Work to complete: Make a verbatim copy of all the records.

### Source information

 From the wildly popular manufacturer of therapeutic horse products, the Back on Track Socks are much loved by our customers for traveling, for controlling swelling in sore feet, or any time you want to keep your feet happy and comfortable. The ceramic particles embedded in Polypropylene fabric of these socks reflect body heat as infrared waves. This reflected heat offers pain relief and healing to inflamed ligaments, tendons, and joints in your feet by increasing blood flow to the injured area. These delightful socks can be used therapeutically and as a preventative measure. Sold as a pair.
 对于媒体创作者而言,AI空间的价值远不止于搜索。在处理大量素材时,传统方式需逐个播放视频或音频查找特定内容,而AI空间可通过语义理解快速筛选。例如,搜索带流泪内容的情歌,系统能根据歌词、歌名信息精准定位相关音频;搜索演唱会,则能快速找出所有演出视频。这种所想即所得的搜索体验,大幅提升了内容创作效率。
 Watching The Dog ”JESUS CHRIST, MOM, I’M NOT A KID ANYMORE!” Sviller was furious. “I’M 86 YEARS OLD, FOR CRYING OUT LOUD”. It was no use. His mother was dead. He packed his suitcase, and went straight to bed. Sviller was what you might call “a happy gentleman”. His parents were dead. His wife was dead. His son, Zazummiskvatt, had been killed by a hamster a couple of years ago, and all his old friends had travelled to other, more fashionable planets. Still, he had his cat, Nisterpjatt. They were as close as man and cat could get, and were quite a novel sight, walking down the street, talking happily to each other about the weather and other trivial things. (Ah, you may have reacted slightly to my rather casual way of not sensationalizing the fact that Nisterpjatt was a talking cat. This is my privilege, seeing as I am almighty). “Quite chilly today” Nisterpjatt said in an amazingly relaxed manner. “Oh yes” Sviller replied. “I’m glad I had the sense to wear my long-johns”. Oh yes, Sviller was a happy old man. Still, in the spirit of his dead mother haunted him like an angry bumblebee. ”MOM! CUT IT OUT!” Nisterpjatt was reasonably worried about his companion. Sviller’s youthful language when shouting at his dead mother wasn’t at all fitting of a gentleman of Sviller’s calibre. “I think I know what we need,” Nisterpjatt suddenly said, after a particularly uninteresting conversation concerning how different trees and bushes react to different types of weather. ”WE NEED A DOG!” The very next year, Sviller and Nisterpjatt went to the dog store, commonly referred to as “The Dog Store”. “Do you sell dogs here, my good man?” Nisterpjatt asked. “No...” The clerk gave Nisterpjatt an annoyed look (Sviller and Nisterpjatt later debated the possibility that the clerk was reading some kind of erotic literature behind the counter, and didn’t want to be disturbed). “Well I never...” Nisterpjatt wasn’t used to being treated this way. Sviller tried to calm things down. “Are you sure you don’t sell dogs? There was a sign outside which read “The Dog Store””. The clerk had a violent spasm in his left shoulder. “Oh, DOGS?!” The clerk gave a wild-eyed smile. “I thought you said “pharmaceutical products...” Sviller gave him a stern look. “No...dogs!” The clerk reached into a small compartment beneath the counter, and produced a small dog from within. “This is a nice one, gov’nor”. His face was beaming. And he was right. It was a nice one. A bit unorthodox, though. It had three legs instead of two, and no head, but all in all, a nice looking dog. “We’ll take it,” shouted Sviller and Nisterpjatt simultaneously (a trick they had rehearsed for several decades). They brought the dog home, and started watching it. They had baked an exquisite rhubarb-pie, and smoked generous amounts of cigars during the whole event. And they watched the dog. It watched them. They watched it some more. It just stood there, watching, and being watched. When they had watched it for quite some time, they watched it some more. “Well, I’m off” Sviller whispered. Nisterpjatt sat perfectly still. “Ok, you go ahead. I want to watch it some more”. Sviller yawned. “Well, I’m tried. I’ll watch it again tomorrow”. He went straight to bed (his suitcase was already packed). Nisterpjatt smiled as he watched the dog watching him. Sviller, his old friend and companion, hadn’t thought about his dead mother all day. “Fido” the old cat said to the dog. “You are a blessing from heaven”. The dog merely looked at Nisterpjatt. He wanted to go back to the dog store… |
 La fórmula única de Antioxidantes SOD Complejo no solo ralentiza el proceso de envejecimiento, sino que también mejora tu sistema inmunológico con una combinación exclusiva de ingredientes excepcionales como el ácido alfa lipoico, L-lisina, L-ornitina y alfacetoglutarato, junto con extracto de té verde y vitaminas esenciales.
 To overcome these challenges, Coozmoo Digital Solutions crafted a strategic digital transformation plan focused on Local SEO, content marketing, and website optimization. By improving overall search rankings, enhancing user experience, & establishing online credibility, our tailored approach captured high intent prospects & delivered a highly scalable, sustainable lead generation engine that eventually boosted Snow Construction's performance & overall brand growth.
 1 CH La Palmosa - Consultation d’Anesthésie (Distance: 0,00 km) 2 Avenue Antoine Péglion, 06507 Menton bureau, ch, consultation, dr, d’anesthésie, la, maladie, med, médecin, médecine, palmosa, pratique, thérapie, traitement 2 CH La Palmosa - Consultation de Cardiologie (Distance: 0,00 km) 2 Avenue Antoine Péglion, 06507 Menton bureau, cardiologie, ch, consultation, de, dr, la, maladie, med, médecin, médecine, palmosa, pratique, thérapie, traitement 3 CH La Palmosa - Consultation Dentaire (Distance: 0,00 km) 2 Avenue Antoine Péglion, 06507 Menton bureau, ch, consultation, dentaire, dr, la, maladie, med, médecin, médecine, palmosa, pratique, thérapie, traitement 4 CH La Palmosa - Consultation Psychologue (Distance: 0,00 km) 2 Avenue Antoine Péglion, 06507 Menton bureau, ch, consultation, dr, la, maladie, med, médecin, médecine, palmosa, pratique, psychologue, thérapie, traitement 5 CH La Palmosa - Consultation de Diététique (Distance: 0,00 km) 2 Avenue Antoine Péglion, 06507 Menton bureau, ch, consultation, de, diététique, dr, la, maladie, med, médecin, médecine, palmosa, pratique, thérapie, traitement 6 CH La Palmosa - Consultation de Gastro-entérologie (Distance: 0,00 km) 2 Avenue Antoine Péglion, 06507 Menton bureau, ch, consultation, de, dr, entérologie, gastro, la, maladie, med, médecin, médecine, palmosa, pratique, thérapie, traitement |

######

Answer:
 From the wildly popular manufacturer of therapeutic horse products, the Back on Track Socks are much loved by our customers for traveling, for controlling swelling in sore feet, or any time you want to keep your feet happy and comfortable. The ceramic particles embedded in Polypropylene fabric of these socks reflect body heat as infrared waves. This reflected heat offers pain relief and healing to inflamed ligaments, tendons, and joints in your feet by increasing blood flow to the injured area. These delightful socks can be used therapeutically and as a preventative measure. Sold as a pair.
 对于媒体创作者而言,AI空间的价值远不止于搜索。在处理大量素材时,传统方式需逐个播放视频或音频查找特定内容,而AI空间可通过语义理解快速筛选。例如,搜索带流泪内容的情歌,系统能根据歌词、歌名信息精准定位相关音频;搜索演唱会,则能快速找出所有演出视频。这种所想即所得的搜索体验,大幅提升了内容创作效率。
 Watching The Dog ”JESUS CHRIST, MOM, I’M NOT A KID ANYMORE!” Sviller was furious. “I’M 86 YEARS OLD, FOR CRYING OUT LOUD”. It was no use. His mother was dead. He packed his suitcase, and went straight to bed. Sviller was what you might call “a happy gentleman”. His parents were dead. His wife was dead. His son, Zazummiskvatt, had been killed by a hamster a couple of years ago, and all his old friends had travelled to other, more fashionable planets. Still, he had his cat, Nisterpjatt. They were as close as man and cat could get, and were quite a novel sight, walking down the street, talking happily to each other about the weather and other trivial things. (Ah, you may have reacted slightly to my rather casual way of not sensationalizing the fact that Nisterpjatt was a talking cat. This is my privilege, seeing as I am almighty). “Quite chilly today” Nisterpjatt said in an amazingly relaxed manner. “Oh yes” Sviller replied. “I’m glad I had the sense to wear my long-johns”. Oh yes, Sviller was a happy old man. Still, in the spirit of his dead mother haunted him like an angry bumblebee. ”MOM! CUT IT OUT!” Nisterpjatt was reasonably worried about his companion. Sviller’s youthful language when shouting at his dead mother wasn’t at all fitting of a gentleman of Sviller’s calibre. “I think I know what we need,” Nisterpjatt suddenly said, after a particularly uninteresting conversation concerning how different trees and bushes react to different types of weather. ”WE NEED A DOG!” The very next year, Sviller and Nisterpjatt went to the dog store, commonly referred to as “The Dog Store”. “Do you sell dogs here, my good man?” Nisterpjatt asked. “No...” The clerk gave Nisterpjatt an annoyed look (Sviller and Nisterpjatt later debated the possibility that the clerk was reading some kind of erotic literature behind the counter, and didn’t want to be disturbed). “Well I never...” Nisterpjatt wasn’t used to being treated this way. Sviller tried to calm things down. “Are you sure you don’t sell dogs? There was a sign outside which read “The Dog Store””. The clerk had a violent spasm in his left shoulder. “Oh, DOGS?!” The clerk gave a wild-eyed smile. “I thought you said “pharmaceutical products...” Sviller gave him a stern look. “No...dogs!” The clerk reached into a small compartment beneath the counter, and produced a small dog from within. “This is a nice one, gov’nor”. His face was beaming. And he was right. It was a nice one. A bit unorthodox, though. It had three legs instead of two, and no head, but all in all, a nice looking dog. “We’ll take it,” shouted Sviller and Nisterpjatt simultaneously (a trick they had rehearsed for several decades). They brought the dog home, and started watching it. They had baked an exquisite rhubarb-pie, and smoked generous amounts of cigars during the whole event. And they watched the dog. It watched them. They watched it some more. It just stood there, watching, and being watched. When they had watched it for quite some time, they watched it some more. “Well, I’m off” Sviller whispered. Nisterpjatt sat perfectly still. “Ok, you go ahead. I want to watch it some more”. Sviller yawned. “Well, I’m tried. I’ll watch it again tomorrow”. He went straight to bed (his suitcase was already packed). Nisterpjatt smiled as he watched the dog watching him. Sviller, his old friend and companion, hadn’t thought about his dead mother all day. “Fido” the old cat said to the dog. “You are a blessing from heaven”. The dog merely looked at Nisterpjatt. He wanted to go back to the dog store… |
 La fórmula única de Antioxidantes SOD Complejo no solo ralentiza el proceso de envejecimiento, sino que también mejora tu sistema inmunológico con una combinación exclusiva de ingredientes excepcionales como el ácido alfa lipoico, L-lisina, L-ornitina y alfacetoglutarato, junto con extracto de té verde y vitaminas esenciales.
 To overcome these challenges, Coozmoo Digital Solutions crafted a strategic digital transformation plan focused on Local SEO, content marketing, and website optimization. By improving overall search rankings, enhancing user experience, & establishing online credibility, our tailored approach captured high intent prospects & delivered a highly scalable, sustainable lead generation engine that eventually boosted Snow Construction's performance & overall brand growth.
 1 CH La Palmosa - Consultation d’Anesthésie (Distance: 0,00 km) 2 Avenue Antoine Péglion, 06507 Menton bureau, ch, consultation, dr, d’anesthésie, la, maladie, med, médecin, médecine, palmosa, pratique, thérapie, traitement 2 CH La Palmosa - Consultation de Cardiologie (Distance: 0,00 km) 2 Avenue Antoine Péglion, 06507 Menton bureau, cardiologie, ch, consultation, de, dr, la, maladie, med, médecin, médecine, palmosa, pratique, thérapie, traitement 3 CH La Palmosa - Consultation Dentaire (Distance: 0,00 km) 2 Avenue Antoine Péglion, 06507 Menton bureau, ch, consultation, dentaire, dr, la, maladie, med, médecin, médecine, palmosa, pratique, thérapie, traitement 4 CH La Palmosa - Consultation Psychologue (Distance: 0,00 km) 2 Avenue Antoine Péglion, 06507 Menton bureau, ch, consultation, dr, la, maladie, med, médecin, médecine, palmosa, pratique, psychologue, thérapie, traitement 5 CH La Palmosa - Consultation de Diététique (Distance: 0,00 km) 2 Avenue Antoine Péglion, 06507 Menton bureau, ch, consultation, de, diététique, dr, la, maladie, med, médecin, médecine, palmosa, pratique, thérapie, traitement 6 CH La Palmosa - Consultation de Gastro-entérologie (Distance: 0,00 km) 2 Avenue Antoine Péglion, 06507 Menton bureau, ch, consultation, de, dr, entérologie, gastro, la, maladie, med, médecin, médecine, palmosa, pratique, thérapie, traitement |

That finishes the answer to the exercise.